Arthur surprised himself and the tramp when he uttered the words: “Didn’t work.”
“I didn’t cause this!” He shouted.
“I didn’t expect anyone else to find the room did I?”
Ernest raised his arm and found himself standing up. The tramp walked over to the door and he was compelled to follow like he was attached to an invisible length of rope. Arthur didn’t care about keeping his mind shielded anymore and let lost a cascade of abusive and venomous imagery.
“I saved your life, Arthur! I can’t believe you’d think such bad things about me. When this is over, you’ll understand and see that I’m right.” The tramp opened the door, the screen of vines shrank back showing Arthur that the oppressive jungle was still there, if anything, it had become denser. The tramp glanced back.
“I thought the tw
o boys would have been enough to satisfy its hunger when they had awoken it.”
An orange worm poked its head out of a burrow just by the tramp’s foot, it tried to disappear back down but it wasn’t fast enough to avoid Ernest’s lightening fast swipe. He pulled it out of its hole and held it out in front of him by the neck. Tiny tentacles shot out from the underside of it and attempted to wrap around his bony wrist but those tentacles that came into contact with his skin turned black and shrivelled up. The tramp then placed his fingers in his mouth and tapped the things head with his saliva soaked fingers.
The worm swelled up then burst like a popped balloon filled with red paint, leaving the tramp holding a pigeon slick with blood and black slime. The bird was still alive. He placed it on the threshold of the door and it wandered inside.
“The effect is still contained inside Holburn’s boundaries but that won’t last long.” Ernest stamped his foot on the ground, “This thing is growing, spreading out under the ground. By this time tomorrow, the next few towns will be infected. It needs to be stopped, Arthur. Only you can do that.”

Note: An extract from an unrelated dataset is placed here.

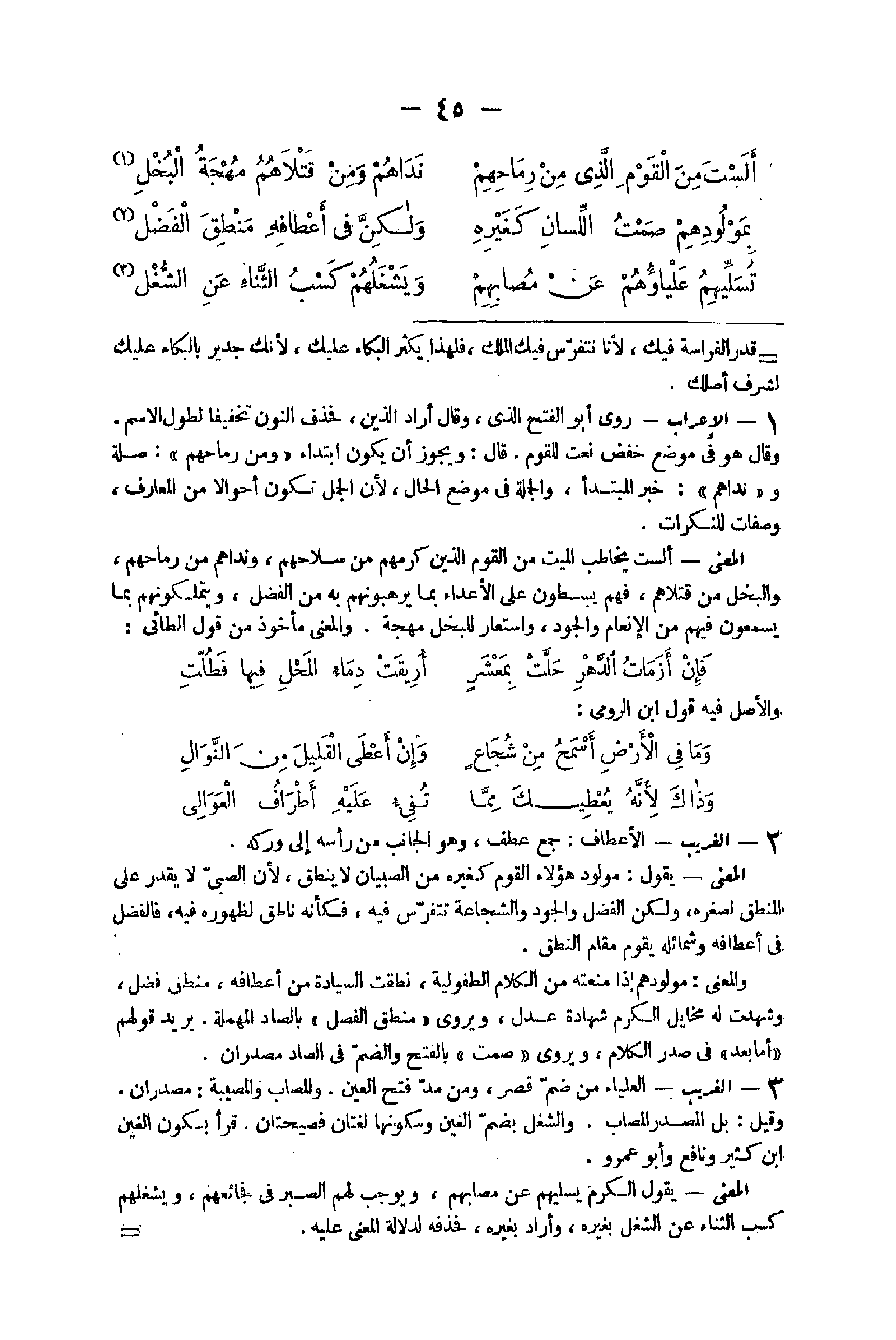 9 - الْغَرِيب العلياء من ضم قصر وَمن مد فتح الْعين والمصاب والمصيبة مصدران وَقيل بل الْمصدر الْمُصَاب والشغل بِضَم الْغَيْن وسكونها لُغَتَانِ فصيحتان قَرَأَ بِسُكُون الْغَيْن ابْن كثير وَنَافِع وَابْن عَمْرو الْمَعْنى يَقُول الْكَرم يسليهم عَن مصابهم وَيُوجب لَهُم الصَّبْر فِي فجائعهم ويشغلهم كسب الثَّنَاء عَن الشّغل بِغَيْرِهِ وَأَرَادَ بِغَيْرِهِ فَحَذفهُ لدلَالَة الْمَعْنى عَلَيْهِ
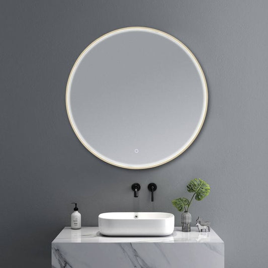 Barelli 800 x 800mm Brushed Brass Toscana Framed Round Mirror LED Frame Lit

The tramp looked inside the shop, “There is one boy left; when he dies, all this will end. Find and kill Alan Tyler.”
The door closed, leaving the pigeon alone. It hopped across the dark blue carpet then spotted some plastic redcurrants on an ornamental display and raced over.
Chapter Eighteen
The first fingers of dawn’s first light spread across the alien tree canopy, Damien tilted his head back, closed his eyes and sighed as the sun’s warm rays bathed his face.